Rice, the staple food that cuts across most food cultures in Asia, is a humble grain that many of us consume without really knowing its journey from the fields to our plates. Many of us, having lived in Singapore and consumed rice our entire life, we had little perspective on how rice is grown, until we visited a local organic rice farming community ourselves on our recent trip to Luang Prabang.

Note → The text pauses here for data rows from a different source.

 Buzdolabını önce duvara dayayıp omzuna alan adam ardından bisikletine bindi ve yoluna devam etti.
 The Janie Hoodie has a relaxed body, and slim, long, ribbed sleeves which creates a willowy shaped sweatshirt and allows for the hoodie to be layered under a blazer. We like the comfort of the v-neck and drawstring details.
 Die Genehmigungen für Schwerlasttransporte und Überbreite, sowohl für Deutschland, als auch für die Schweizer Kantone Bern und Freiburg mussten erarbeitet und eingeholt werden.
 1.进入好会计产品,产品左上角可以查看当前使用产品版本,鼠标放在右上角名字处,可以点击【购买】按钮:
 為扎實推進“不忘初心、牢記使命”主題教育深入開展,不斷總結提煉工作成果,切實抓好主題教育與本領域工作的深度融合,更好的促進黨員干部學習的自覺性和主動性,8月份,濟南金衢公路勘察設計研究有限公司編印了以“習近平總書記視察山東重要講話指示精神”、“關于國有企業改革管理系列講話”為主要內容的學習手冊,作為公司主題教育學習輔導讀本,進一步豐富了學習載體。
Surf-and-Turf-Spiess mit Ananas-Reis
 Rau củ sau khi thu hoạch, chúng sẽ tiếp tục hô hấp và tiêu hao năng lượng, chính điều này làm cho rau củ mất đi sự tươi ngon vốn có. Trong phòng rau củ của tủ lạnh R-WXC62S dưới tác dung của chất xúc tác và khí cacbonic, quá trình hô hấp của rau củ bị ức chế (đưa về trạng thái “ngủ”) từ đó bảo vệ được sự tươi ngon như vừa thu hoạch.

We arrived at the farm after breakfast and was greeted with beautiful paddy fields, mountains on the backdrop, and buffalos and ducks frolicking in a flooded nursery. A local farmer came and greeted us before we started the 14 steps of rice growing and processing. Each step was carefully explained and demonstrated by the local farmer before we had our turn to practice. From choosing the good seeds from the bad ones to sowing in the nursery, transplantation, ploughing of rice fields with the help of buffalos, planting process, harvesting, sifting, threshing, washing, and more, we learned about the immense amount of work that goes into every grain of edible rice.
Some steps were more laborious than others, while others exposed the dangers of what farmers have to go through. For example, transplanting rice seedlings is back-breaking work that involves bending over in the field all day, while threshing involves the use of machines that are dangerous if not handled correctly. At the end of the program, they showed us the art of steaming rice the traditional way – on a bamboo basket, before serving a lunch meal, including crackers and sticky rice, as well as a traditional Lao chili paste dip.

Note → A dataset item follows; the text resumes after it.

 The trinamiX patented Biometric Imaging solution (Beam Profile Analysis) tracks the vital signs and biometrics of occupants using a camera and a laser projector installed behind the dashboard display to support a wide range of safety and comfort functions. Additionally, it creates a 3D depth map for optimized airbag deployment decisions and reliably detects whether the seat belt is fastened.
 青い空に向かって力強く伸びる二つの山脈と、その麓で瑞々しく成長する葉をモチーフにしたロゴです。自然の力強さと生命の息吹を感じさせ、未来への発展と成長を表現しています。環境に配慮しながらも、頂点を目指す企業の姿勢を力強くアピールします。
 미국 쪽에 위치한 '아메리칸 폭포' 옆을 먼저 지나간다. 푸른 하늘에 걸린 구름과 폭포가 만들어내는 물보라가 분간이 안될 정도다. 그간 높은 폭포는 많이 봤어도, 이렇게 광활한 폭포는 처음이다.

This experience gave us a newfound appreciation for rice, and we will never see this humble grain the same way again. We now understand the hard work and dedication that goes into every grain of rice that ends up on our plates. For that, we’ll savour every grain on our plate, so none of the efforts go to waste.
For those looking for unique travel experiences, we would highly recommend this as an educational and memorable experience. Even if you don’t prefer getting your hands dirty, they allow you to observe on the side, which is still a great way to learn. This experience is suitable for both adults and children, and it is an excellent opportunity to get to know the local community and learn about their way of life.
Our experience with the local organic rice farming community in Luang Prabang was an eye-opener. We gained a deeper appreciation for the effort that goes into rice farming, and will never take a simple bowl of rice for granted again.